PROBLEM TO WORK ON
Quote the listing in full, exactly as given, minus any pictures.
┌─ EXERCISE MATERIAL
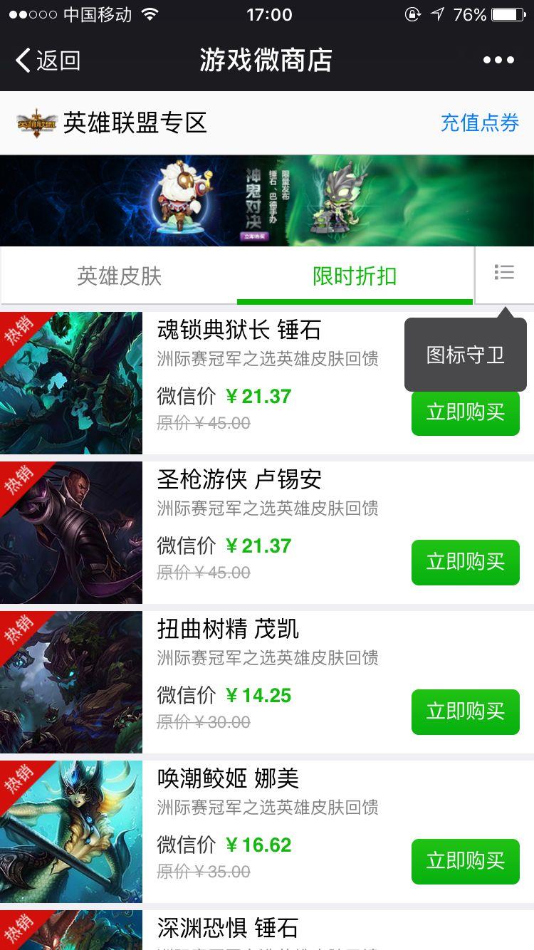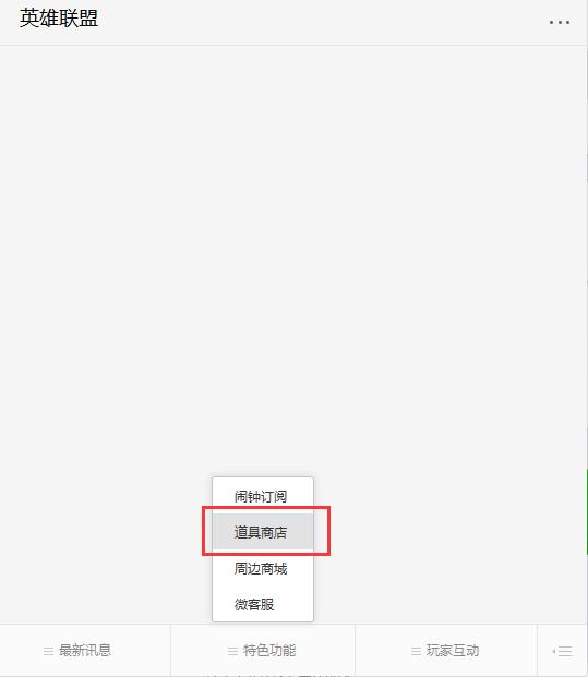 具体方法为,进入“英雄联盟”公众号后选择中间那栏的道具商店:
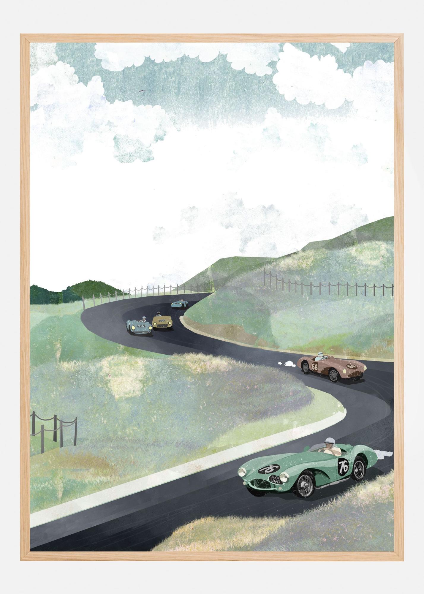 Denna stilfulla och nostalgiska affisch fångar essensen av klassiska biltävlingar med sin charmiga illustration av vintage-racerbilar på en slingrande landsväg. De lugna, men samtidigt livfulla scenerierna av fordon i rörelse erbjuder en känsla av rörelse och tidsenlig elegans, vilket gör denna print idealisk för bilentusiaster och älskare av retroinredning. De mjuka gröna nyanserna av naturen och den gråblå himlen ger en harmonisk och avslappnande känsla, vilket bidrar till ett sofistikerat och tidsöverskridande uttryck i en posterform.
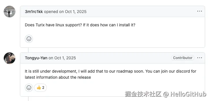 除了 TuriX 在易用性、准确率,以及提升 OpenClaw 操作应用效果上带来的惊喜,在 Issues 和社交媒体上逛了一圈我发现 TuriX 作为一个开源项目,他们的"听劝"(倾听用户的声音)也给我留下了深刻的印象。每一条 Issue 他们都会认真对待并及时回复,你可以去提个 issue 感受下他们的热情~(TuriX 的开发同学不要打我 🤣)
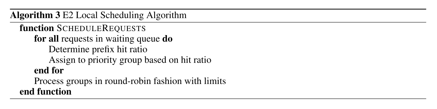 • 同时考虑排队时间与 KV Cache 复用减少重计算开销:划分 \(P\) 个队列,根据 prompts 前缀匹配比例将 request 划分到某个队列。选择 request 组成一个 batch 执行时,从匹配比例高的队列中选择较多的 request,按照匹配比例递减。
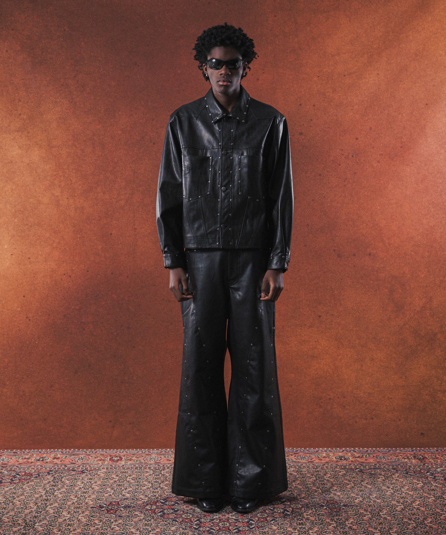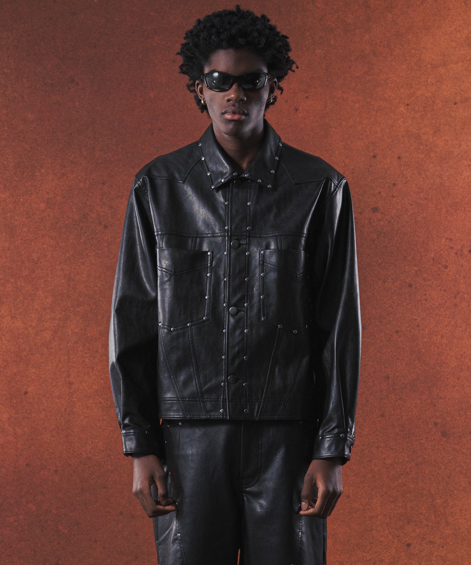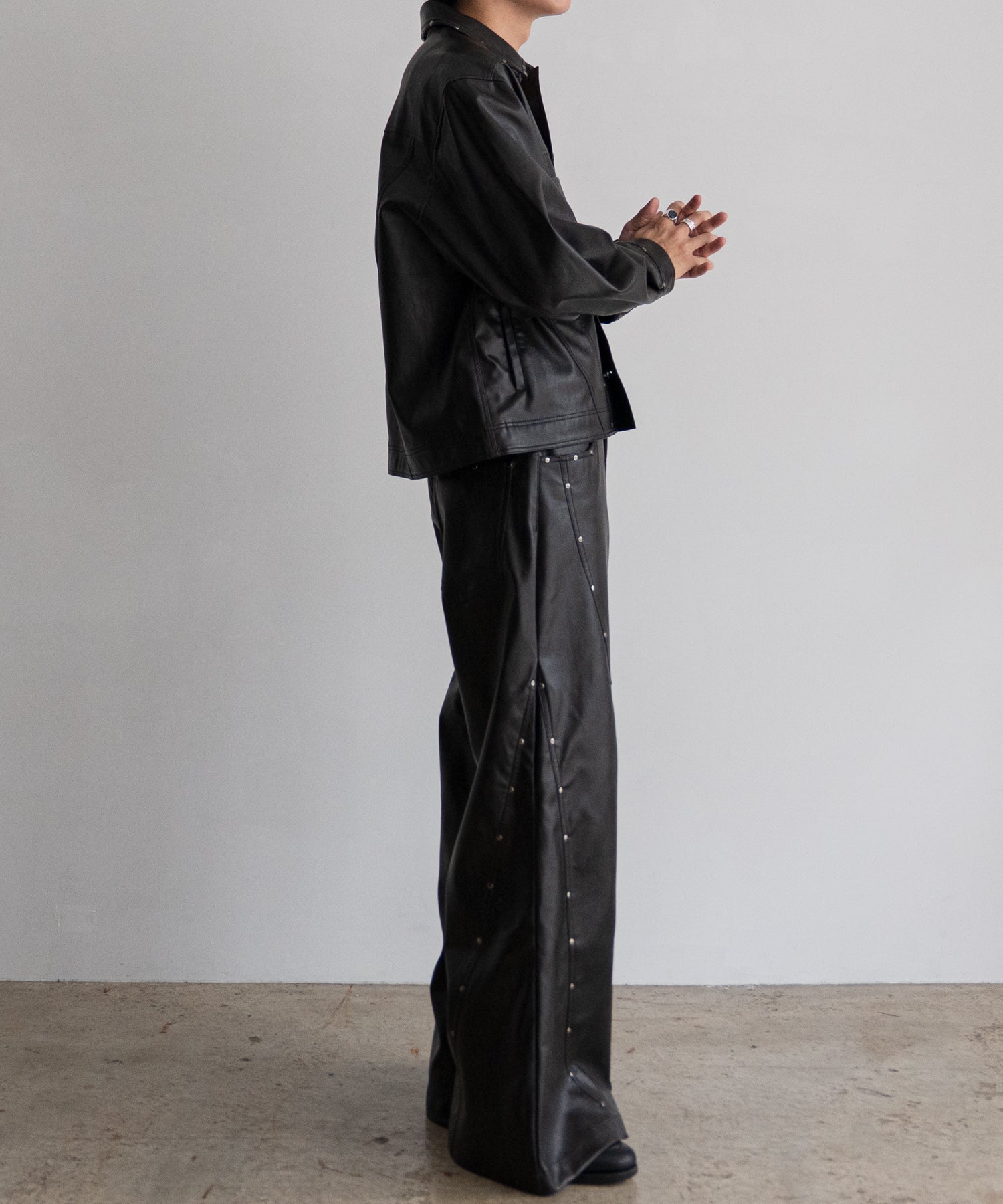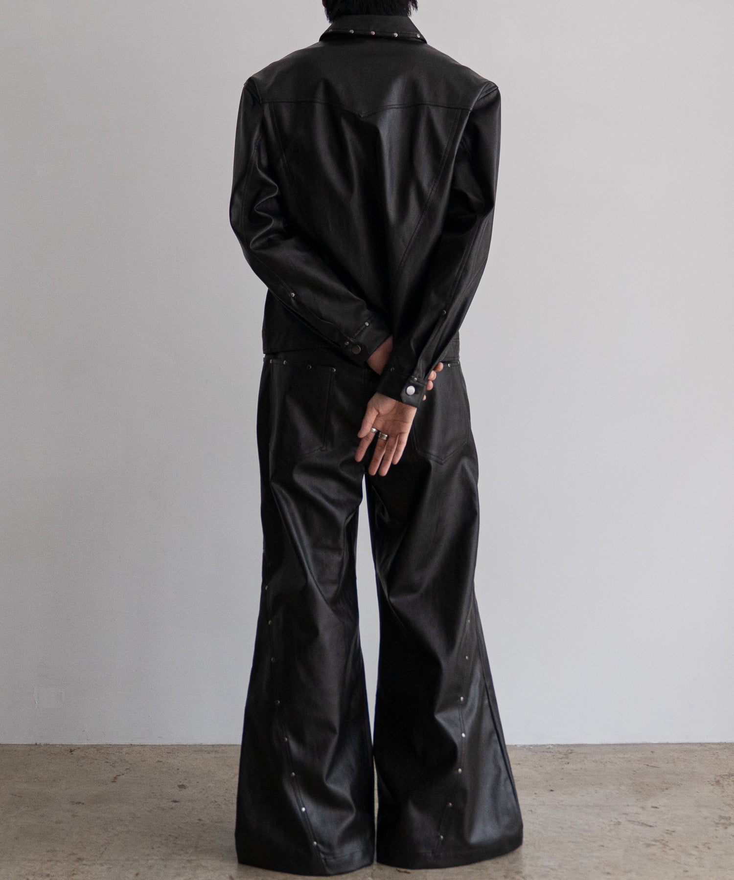 衿や前立て、ポケット部分にあしらわれたスタッズが特徴的で他にはない存在感を放つ一着です。
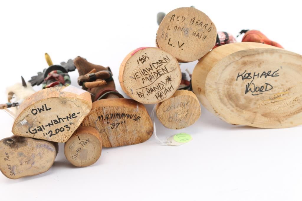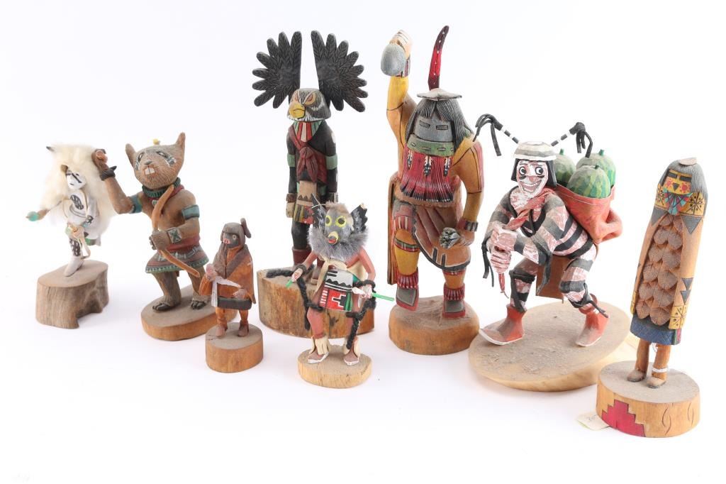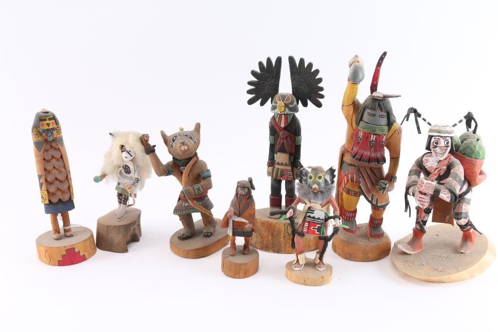 Includes: a) a Koshare kachina (sacred clown of the Hopi) carrying 3 watermelon on back, measures 6 1/2" tall; b) Owl kachina, signed by Ray Jose (also known as Gai-nah-ne), dated 2003, measures 8" tall, w/broken stick to be glued; c) Red Beard Long Hair kachina, signed L.V. '88; d) Hopi Yellowhair Maiden kachina by Randy Havah, signed on bottom, measures 6 1/2"; e) White Buffalo kachina signed by Silas Roy, measures 5"; f) Mouse kachina, signed and dated '97, has broken something from top, measures 5 1/2" tall; g) small Owl kachina signed by Coolidge Roy, measures 4 1/2", one carved ear has tiny broken piece; h) small kachina signed by Silas Roy, measures 4" tall on wood base.
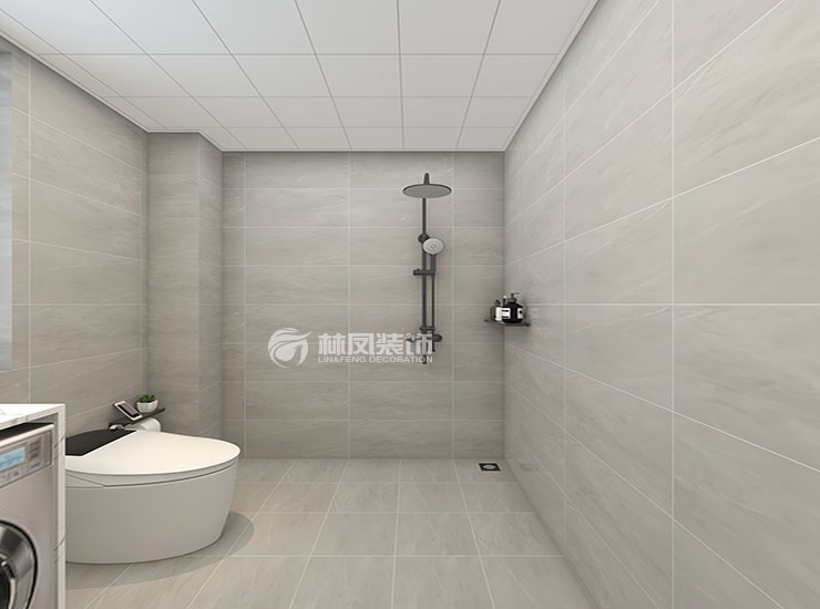 卫生间说明:卫生间空间大,打造超长大台面,配灰色系墙砖使整个空间大气宽敞明亮。干湿分离的设计使整体的使用更加舒服。
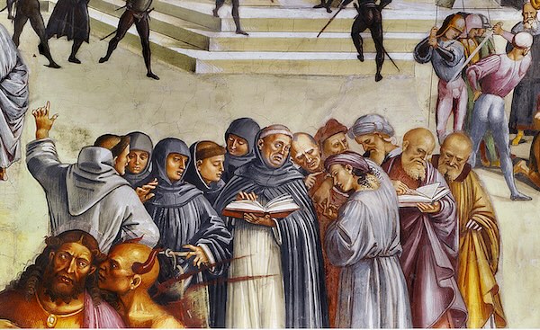 Non così è il mondo dell’Anticristo, la città degli uomini fondata sulla ’hybris’. Qui a prevalere è la parte irrazionale dell’anima, quella ‘irascibile’ della violenza e quella ‘concupiscibile’ degli irrefrenabili istinti. Al centro della scena, nel pieno del caos apocalittico degli ultimi tempi, Signorelli raffigura un piccolo gruppo di uomini che uniti da vincoli di fratellanza anelano alla “salute dell’anima”. L’artista li ritrae in disparte, quasi incuranti del caos che li circonda, e tutto ciò a significare la via da seguire.
└─
ANSWER TO THIS TASK
 具体方法为,进入“英雄联盟”公众号后选择中间那栏的道具商店:
 Denna stilfulla och nostalgiska affisch fångar essensen av klassiska biltävlingar med sin charmiga illustration av vintage-racerbilar på en slingrande landsväg. De lugna, men samtidigt livfulla scenerierna av fordon i rörelse erbjuder en känsla av rörelse och tidsenlig elegans, vilket gör denna print idealisk för bilentusiaster och älskare av retroinredning. De mjuka gröna nyanserna av naturen och den gråblå himlen ger en harmonisk och avslappnande känsla, vilket bidrar till ett sofistikerat och tidsöverskridande uttryck i en posterform.
 除了 TuriX 在易用性、准确率,以及提升 OpenClaw 操作应用效果上带来的惊喜,在 Issues 和社交媒体上逛了一圈我发现 TuriX 作为一个开源项目,他们的"听劝"(倾听用户的声音)也给我留下了深刻的印象。每一条 Issue 他们都会认真对待并及时回复,你可以去提个 issue 感受下他们的热情~(TuriX 的开发同学不要打我 🤣)
 • 同时考虑排队时间与 KV Cache 复用减少重计算开销:划分 \(P\) 个队列,根据 prompts 前缀匹配比例将 request 划分到某个队列。选择 request 组成一个 batch 执行时,从匹配比例高的队列中选择较多的 request,按照匹配比例递减。
 衿や前立て、ポケット部分にあしらわれたスタッズが特徴的で他にはない存在感を放つ一着です。
 Includes: a) a Koshare kachina (sacred clown of the Hopi) carrying 3 watermelon on back, measures 6 1/2" tall; b) Owl kachina, signed by Ray Jose (also known as Gai-nah-ne), dated 2003, measures 8" tall, w/broken stick to be glued; c) Red Beard Long Hair kachina, signed L.V. '88; d) Hopi Yellowhair Maiden kachina by Randy Havah, signed on bottom, measures 6 1/2"; e) White Buffalo kachina signed by Silas Roy, measures 5"; f) Mouse kachina, signed and dated '97, has broken something from top, measures 5 1/2" tall; g) small Owl kachina signed by Coolidge Roy, measures 4 1/2", one carved ear has tiny broken piece; h) small kachina signed by Silas Roy, measures 4" tall on wood base.
 卫生间说明:卫生间空间大,打造超长大台面,配灰色系墙砖使整个空间大气宽敞明亮。干湿分离的设计使整体的使用更加舒服。
 Non così è il mondo dell’Anticristo, la città degli uomini fondata sulla ’hybris’. Qui a prevalere è la parte irrazionale dell’anima, quella ‘irascibile’ della violenza e quella ‘concupiscibile’ degli irrefrenabili istinti. Al centro della scena, nel pieno del caos apocalittico degli ultimi tempi, Signorelli raffigura un piccolo gruppo di uomini che uniti da vincoli di fratellanza anelano alla “salute dell’anima”. L’artista li ritrae in disparte, quasi incuranti del caos che li circonda, e tutto ciò a significare la via da seguire.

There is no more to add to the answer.